Inside our bodies the cell cycle proceeds through G1, S, G2, and M phases. Hartwell, working with budding yeast, identified CDC genes and showed that each phase is guarded by “checkpoints.” Hunt used sea-urchin eggs to discover proteins called “cyclins,” whose levels rise and fall like the hands of a clock. Nurse isolated the cdc2 gene in fission yeast and proved that humans possess a homologous gene, demonstrating the cycle’s universal design. Together their work explained how cells detect DNA damage and halt division, and why that safety brake fails in cancer. Modern anti-cancer drugs such as CDK inhibitors owe much to these fundamental insights.

The cell cycle is a self-regulating system that synchronizes DNA replication and cell division. Hartwell used temperature-sensitive mutants in budding yeast to identify numerous CDC genes, including cdc28, and articulated the G1/S checkpoint concept. Hunt demonstrated that cyclins A and B undergo synthesis and ubiquitin-mediated degradation, acting as a molecular timer and popularizing the term “cyclin.” Nurse cloned fission-yeast cdc2, then identified human CDK1 via functional complementation, proving that cyclin-CDK complexes are a universal engine. Phosphorylation-dependent CDK regulation and APC/C-driven cyclin destruction were shown to provide irreversibility and directionality to the cycle. These advances spread into cancer biology, developmental biology, aging research, and antitumor drug design, offering an integrated molecular framework for cell proliferation.

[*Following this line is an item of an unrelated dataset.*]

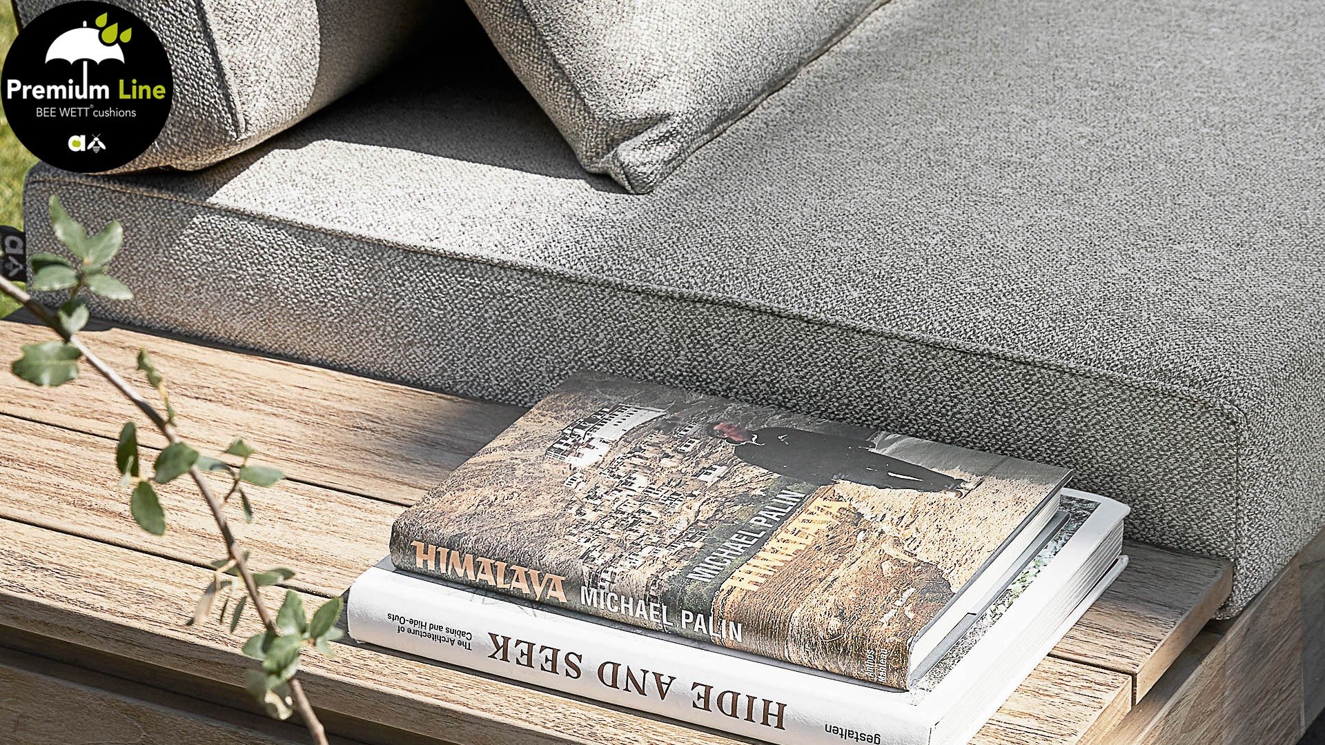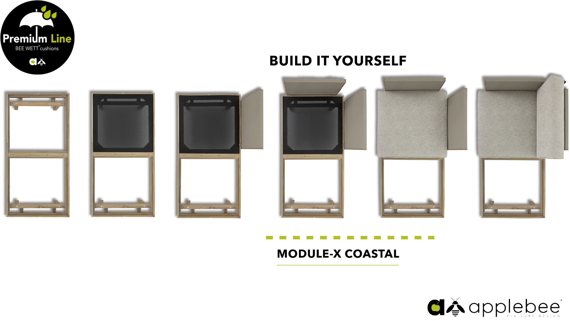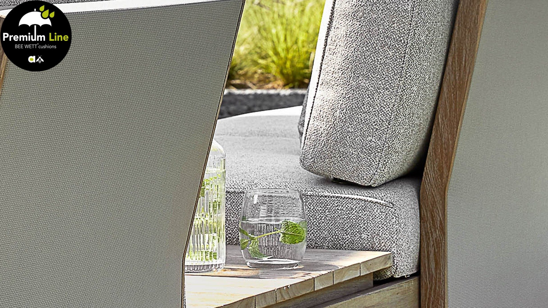Das Applebee Lounge-Set Module X besteht aus extrem starkem Teakholz, das mit einem sogenannten neuen Coastal Finish versehen ist, das Ihren Möbeln ein frisches Aussehen verleiht. Die Sitz- und Rückenkissen in dieser Reihe ist mit der BEE WETT®-Technologie, die perfekte Ableitung von Feuchtigkeit gewährleistet.

Hartwell identified cdc28, the core CDK, and the RAD9-mediated checkpoint pathway through complementation cloning of temperature-sensitive cdc mutants in S. cerevisiae. Hunt isolated M-phase-specific cyclin B from Paracentrotus lividus egg extracts using 35S-methionine pulse labeling and demonstrated APC/C-dependent K48 polyubiquitination leading to its rapid degradation. Nurse exploited the S. pombe cdc2 arrest phenotype and HeLa cDNA libraries to clone human CDK1, revealing evolutionary conservation of the CDK network. The molecular logic of cycle control—Wee1/Cdc25-regulated T14/Y15 phosphorylation, Start regulation by Cln-Cdc28, and Chk1/Chk2-mediated DNA damage responses—was consequently systematized. These insights directly informed elucidation of the Rb-E2F axis and the development of selective CDK4/6 inhibitors such as palbociclib, exerting multilayered impact on transcriptional regulation, chromosome dynamics, and cancer therapy strategies.